Não só pela ingenuidade despercebida e atropelada pelos olhos famintos de excesso da mãe, grossos e chucros demais. Mas porque, ao negar à filha qualquer possibilidade de compreensão, em não querendo se fazer compreender, a mãe acusa a filha, põe-lhe a culpa e a responsabilidade pelo incompreensível, que não é aqui o incompreensível oculto ou encoberto, mas o interdito, o abrupta e violentamente interrompido. Ou seja, a mãe lhe transverte seu poder-ser em culpabilidade – a filha lhe deve, sem saber o que deve, mas sente que o que está em jogo é a própria vida. É aquela que lhe desautoriza e lhe arranca o poder-ser, sob pena de ter que pagar um preço; é a que não só não lhe responde a pergunta, como a que não lhe permite mais perguntar.

Ele está doente? Pensava eu, através do vidro. Sabendo-me, porém, em alguma medida desonesta com a pergunta, que não era mais uma pergunta límpida, porque já carregava um discretíssimo duelo simbólico cujo jogo era matar ou morrer. Eu jogava com o entender-me a mim mesma na relação com aquela vida, cujo parâmetro, ademais de ser um supersônico inaudível, me atravessava e me ameaçava.

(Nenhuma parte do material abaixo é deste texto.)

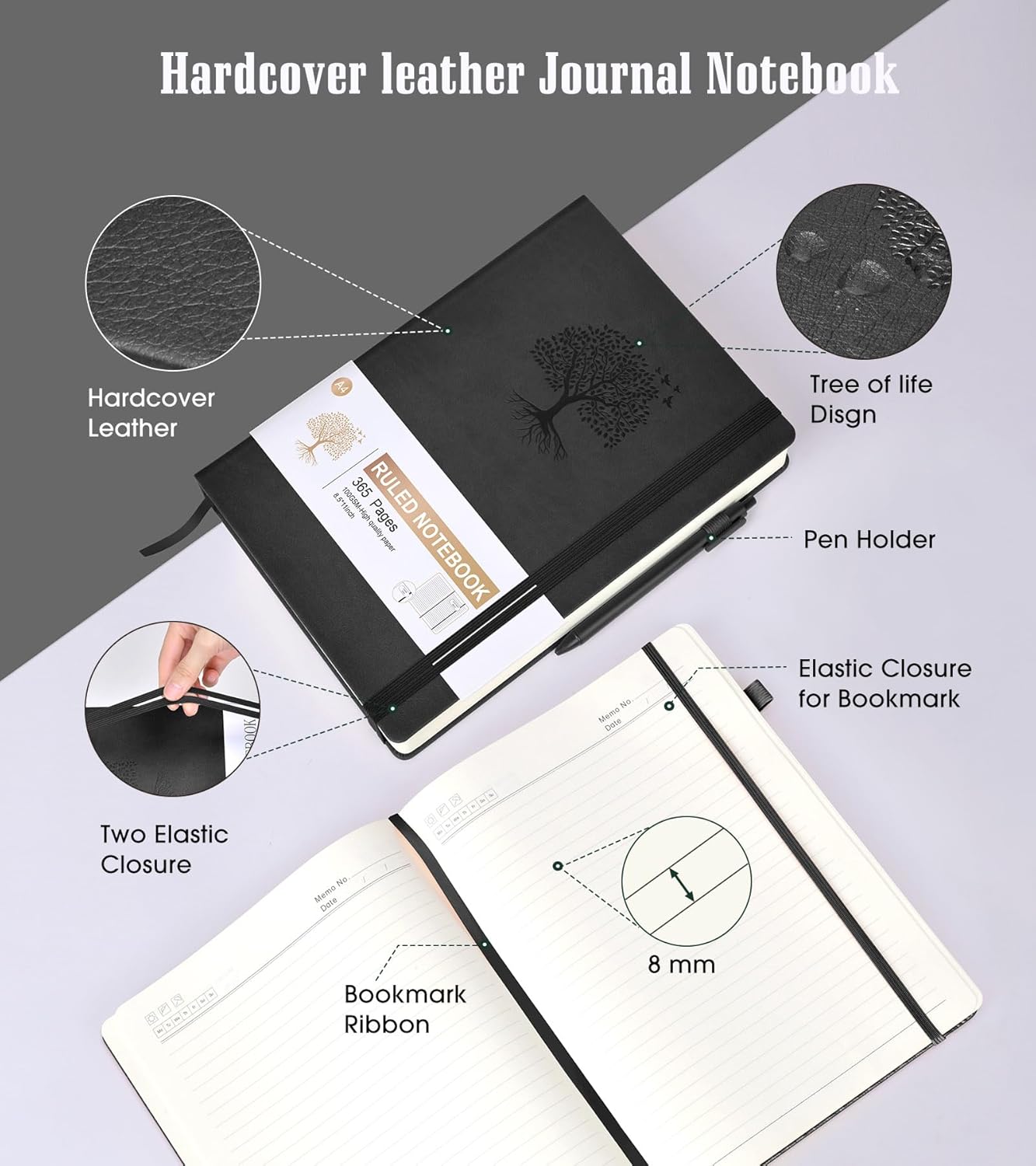 Lined Journal Notebook, 365 Pages A4 Large Journals for Writing Ruled Notebook, Hardcover Leather Journal for Women Men, Daily Notebook for Work, Note Taking, 100Gsm Thick Paper (8.5" x 11" Blcak)

Isso é a diferença como modo de inteligibilidade. Retomando com muita ressalva Lévinas (1997), é o rosto do outro como o início de uma inteligibilidade deslocada, remexida, arrancada da presença. Outro que esgarça minha facticidade imediata, que é a fissura de mim mesma, que tanto me projeta quanto me expõe e me convoca para além de mim.

Mas é com Jacques Derrida (1973; 1991) que a diferença ganha seu tom de tragicidade inóspita aos corações religiosos de pensamento, dentre os quais o meu. Para Derrida o jogo não só perpassa, como é a primeira e a última palavra em todas as esferas de significação: o sentido não é e não há, assim como o ser não é e não há. O que há são margens e rastros arquigramaticais de tempos mortos que delimitam significações a partir de espaçamentos vazios, irremediavelmente infundados e paulatinamente constituídos. Neste caso, a fissura que o outro me provoca apenas revela minha condição de espectro, feixe de contrários em uma relação de interdependência cuja positividade, a rigor, é o próprio jogo.

A diferença como modo de inteligibilidade não se manifesta nem sequer como mistério. Sua “unidade” mínima pode ser provisoriamente assumida pela regra: a coisa sempre difere dela mesma porque é “essencialmente” grafema, e o grafema só tem “sentido” em seu conjunto, como jogo. Se, com Heidegger (2012) , o sentido fático precede o humano; com Derrida, a gramática entendida como um sistema ordenado de signos, precede inclusive a própria gramática como conjunto de signos (o signo é, ele mesmo, jogo).

Piso em ovos com as aspas porque preciso de um objeto de transição. Eu que acredito na anatomia do entendimento e acredito em meu corpo. Mas não dispenso as verdades de Derrida, que me tocam através do vidro do ônibus e que ecoa a pergunta da menina. O supersônico do bêbado é inaudível porque me arranca de mim mesma e me condena às esferas do não sentido e do não-ser.

Adélia Prado (2007), cuja labuta é ser mineira de coração vazante de poesia, entendeu o que há de trágico nisso. O caos das fissuras, rastros e margens gramaticais foi inventado para não ser tocado:

Não me importa a palavra, esta corriqueira.

Quero é o esplêndido caos de onde emerge a sintaxe, os sítios escuros onde nasce o ‘de’, o ‘aliás’,

o ‘o’, o ‘porém’ e o ‘que’, esta incompreensível muleta que me apoia.

Quem entender a linguagem entende Deus cujo Filho é Verbo. Morre quem entender.

A palavra é disfarce de uma coisa mais grave, surda-muda, foi inventada para ser calada.

Em momentos de graça, infreqüentíssimos, se poderá apanhá-la: um peixe vivo com a mão. Puro susto e terror.

(PRADO, 2007, p.20)

Caos. Meus contornos são abismos. As minhas palavras, todas, disfarces, retoques. De que adianta ouvi-las? De que adianta meu nome? Meu solo é monossilábico. Transverso, me arremessa a ser quem não sou. Dizem-me apenas que a ausência dos meus disfarces me desfigura mais do que eu supunha – preciso saber se sou boa ou ruim porque é isso que parece autorizar a minha existência. E que Derrida tocou a coisa mais grave, surda- muda, que foi inventada para ser calada. Que faço agora com o terror desta descoberta: a descoberta de que sou tão quanto aquele supersônico: ambos, um mudo morto?